Routhinator commented 6 years ago

@clintonk That is in the original post. First code block is the tridentctl logs output.

clintonk commented 6 years ago

@Routhinator OK, can you check connectivity to the storage from within the Trident pod?

kubectl exec <trident pod name> -n trident -c trident-main -- ping 192.168.10.14
Routhinator commented 6 years ago

@clintonk Works:

kubectl exec trident-9dd6bc758-9dwsp -n netapp-trident -c trident-main -- ping 192.168.10.14
PING 192.168.10.14 (192.168.10.14): 56 data bytes
64 bytes from 192.168.10.14: seq=0 ttl=254 time=2.734 ms
64 bytes from 192.168.10.14: seq=1 ttl=254 time=0.315 ms
64 bytes from 192.168.10.14: seq=2 ttl=254 time=0.299 ms
Routhinator commented 6 years ago

@clintonk Ran some more tests.. don't know what it means yet but it seems that the pod can only connect to the SVM over port 22, while 80 and 443 timeout, but 80 and 443 work from the host....

kubectl exec trident-9dd6bc758-9dwsp -n netapp-trident -c trident-main -- telnet 192.168.10.14 443
Connection closed by foreign host
command terminated with exit code 1

kubectl exec trident-9dd6bc758-9dwsp -n netapp-trident -c trident-main -- telnet 192.168.10.14 22
SSH-2.0-OpenSSH_6.6.1_hpn13v11 FreeBSD-20140420

kubectl exec trident-9dd6bc758-9dwsp -n netapp-trident -c trident-main -- telnet 192.168.10.14 80
Connection closed by foreign host
command terminated with exit code 1
Routhinator commented 6 years ago

For the record this is a dedicated SAN/NAS network with no firewall.
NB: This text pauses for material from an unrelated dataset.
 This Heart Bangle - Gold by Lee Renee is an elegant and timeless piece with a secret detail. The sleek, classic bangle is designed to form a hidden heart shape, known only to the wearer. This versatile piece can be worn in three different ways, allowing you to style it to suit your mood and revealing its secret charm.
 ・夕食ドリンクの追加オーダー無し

So there should be no issue.

Routhinator commented 6 years ago

Anyone have any ideas on this? Why would a pod not be able to reach certain ports like this? I could think it was a kube routing issue, but port 22 works, so this is port specific with this pod. It doesn't affect the host, and the installer pod was able to access this fine in order for me to get this far.

Is this a bug? Should I just remove the pod and try again?
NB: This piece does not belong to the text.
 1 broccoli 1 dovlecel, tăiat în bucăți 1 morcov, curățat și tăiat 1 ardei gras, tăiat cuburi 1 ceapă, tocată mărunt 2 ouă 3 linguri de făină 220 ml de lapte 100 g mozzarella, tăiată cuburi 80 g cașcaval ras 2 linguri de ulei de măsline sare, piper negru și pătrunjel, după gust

Routhinator commented 6 years ago

I destroyed the pod and recreated it and it was able to add the backed. Looks like there was some kind of bug with the original pod.

Routhinator commented 6 years ago

I let the maintainers decide if this was on the Kube side or a possible setup bug and close as appropriate.
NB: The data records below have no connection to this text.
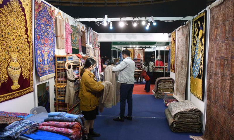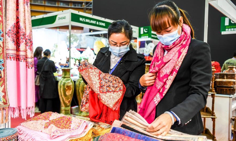 Visitors shop at a Pakistani exhibition area of the 17th China-ASEAN Expo at Nanning International Convention and Exhibition Center in Nanning, south China's Guangxi Zhuang Autonomous Region, Nov. 28, 2020. The expo runs from Nov. 27 to 30 in Nanning. (Xinhua/Lu Boan)
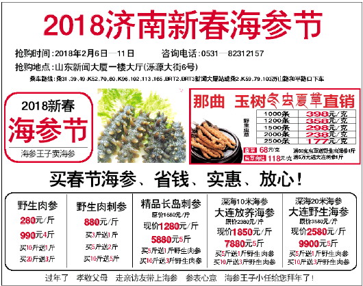 抢购时间:2018年2月6日—11日 咨询电话:0531—82312157
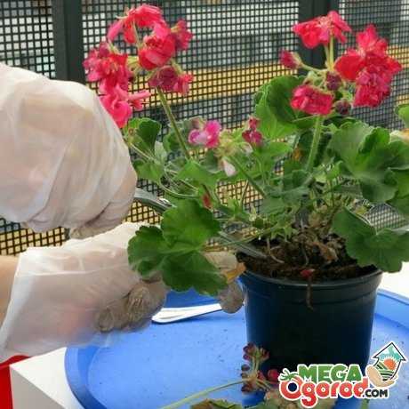 Бегонию необходимо извлечь из горшка вместе с земляным комом и осторожно (можно при помощи небольшой тонкой палочки) освободить корневую часть от земли. Растение должно некоторое время постоять в слабом марганцовом растворе (только его корневая часть), а затем необходимо избавиться от поврежденных или подгнивших частей корня при помощи острого ножа. Обрезке подлежат все мелкие запутанные в комок корешки, а также заболевшие части крупных корней. Места срезов рекомендуется присыпать толченым активированным или древесным углем.

adkerr commented 6 years ago

It certainly feels like a k8s issue, since the bootstrap pod, host, and subsequent pod were all able to communicate to the filer without issue.

@kangarlou, any reason not to close this?

kangarlou commented 6 years ago

I doubt the issue is related to Trident. I'm fine with closing the issue. We can reopen it if the problem happens again. @Routhinator What network plugin are you using?